Once your data is in EUDAMED, it stops being your internal working copy and becomes the reference version others check against.

Why was EUDAMED necessary?

Before EUDAMED, safety signals could sit in national lanes, like traffic moving on parallel roads that never intersect. A signal visible in one Member State was not automatically visible in others.

EUDAMED forces those lanes to merge by bringing devices, actors, certificates, and surveillance data into one connected view.

Regulatory oversight for medical devices in the EU was decentralised by design before EUDAMED. Authorities relied on national databases, local vigilance systems, and fragmented certificate records. There was no single, authoritative view of devices, manufacturers, or safety signals across Member States.

This created structural blind spots:

• Devices could not be reliably traced across borders
• Vigilance signals were slow to correlate
• Certificate data was not consistently accessible
• Market surveillance actions were largely reactive

High-profile safety failures exposed these weaknesses. The issue was not individual non-compliance, but a system that lacked shared data and visibility across a single market.

EUDAMED addresses this gap by providing a shared regulatory infrastructure built on connected, EU-wide data across the full device lifecycle.

In short, risk moved faster than coordination. EUDAMED is the EU’s attempt to close that gap.

EUDAMED structure: What are the 6 modules of EUDAMED?

EUDAMED consists of six connected compliance pipelines, each feeding data into the same regulatory system across the medical device lifecycle.

The system is modular. Each module becomes usable and legally enforceable once it is declared functional, which allows EUDAMED to be rolled out in phases rather than all at once.

The six EUDAMED modules are:

• 1. Actor registration (ACT)
• 2. UDI and Device (UDI/DEV)
• 3. Notified Bodies & Certificates (NB/CRF)
• 4. Clinical Investigations and Performance Studies (CI/PS)
• 5. Vigilance and Post-Market Surveillance (VGL)
• 6. Market surveillance (MSU)

Your workload is module-driven: what is declared functional determines what becomes mandatory, and when.

Which EUDAMED modules are mandatory?

Four EUDAMED modules become mandatory on 28th May 2026. From that date, regulatory data for these areas must be managed through EUDAMED:

• Actor Registration (ACT)
• UDI/Devices (UDI/DEV)
• Notified Bodies and Certificates (NB/CRF)
• Market Surveillance (MSU)

The remaining modules:

• Clinical Investigations and Performance Studies (CI/PS), and
• Vigilance and Post-Market Surveillance (VGL)

will become mandatory only after they are declared functional and complete their own transition periods.

If you do nothing else, align ownership and data readiness for ACT, UDI/DEV, NB/CRF, and MSU now.

What are the different actor roles in EUDAMED?

EUDAMED does not register companies in a generic sense.

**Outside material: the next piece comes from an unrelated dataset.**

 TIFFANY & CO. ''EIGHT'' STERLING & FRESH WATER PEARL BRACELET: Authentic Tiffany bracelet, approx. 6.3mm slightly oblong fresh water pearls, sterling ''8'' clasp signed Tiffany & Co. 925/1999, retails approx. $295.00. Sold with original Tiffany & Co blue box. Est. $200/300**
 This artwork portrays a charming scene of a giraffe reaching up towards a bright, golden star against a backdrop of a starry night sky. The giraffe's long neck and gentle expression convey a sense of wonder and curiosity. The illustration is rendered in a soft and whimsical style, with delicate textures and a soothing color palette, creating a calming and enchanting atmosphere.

It registers actors with clearly defined regulatory roles under MDR and IVDR.

Each role carries specific legal obligations. Organizations performing more than one role must register separately for each, even if the same legal entity is involved.

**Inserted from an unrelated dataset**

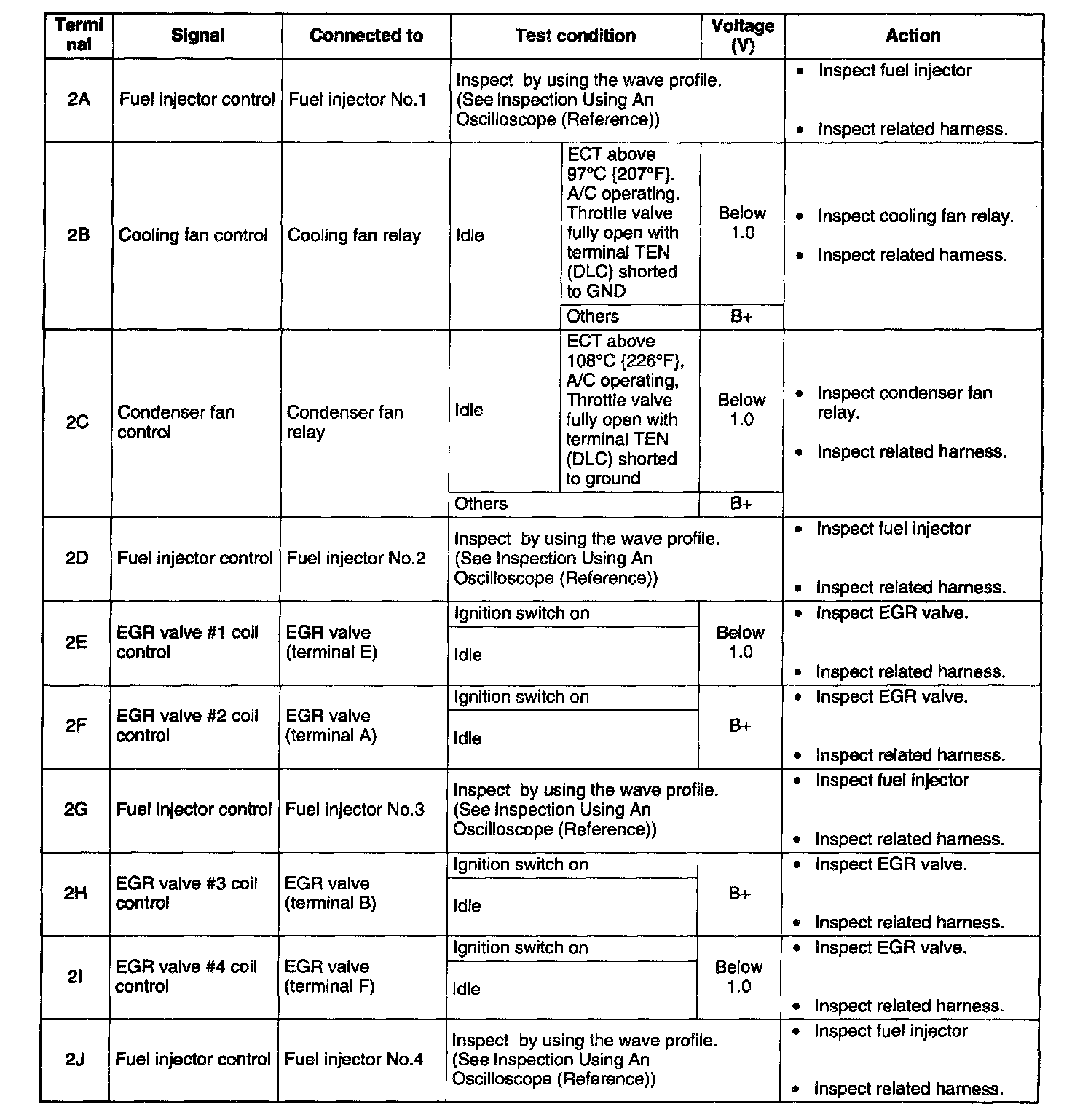 PCM Terminal Voltage (Reference) - Terminals (2A - 2J):

EUDAMED pins each regulatory obligation to a named role, like labels on a wiring diagram, making accountability explicit and traceable. Actors fall into three categories: supervising entities, economic operators, and sponsors.

Supervising entities of EUDAMED

Supervising entities control how EUDAMED operates and how regulatory compliance is validated at the EU and national levels. They do not place devices on the market, but they define, enforce, and oversee the rules that economic operators must follow.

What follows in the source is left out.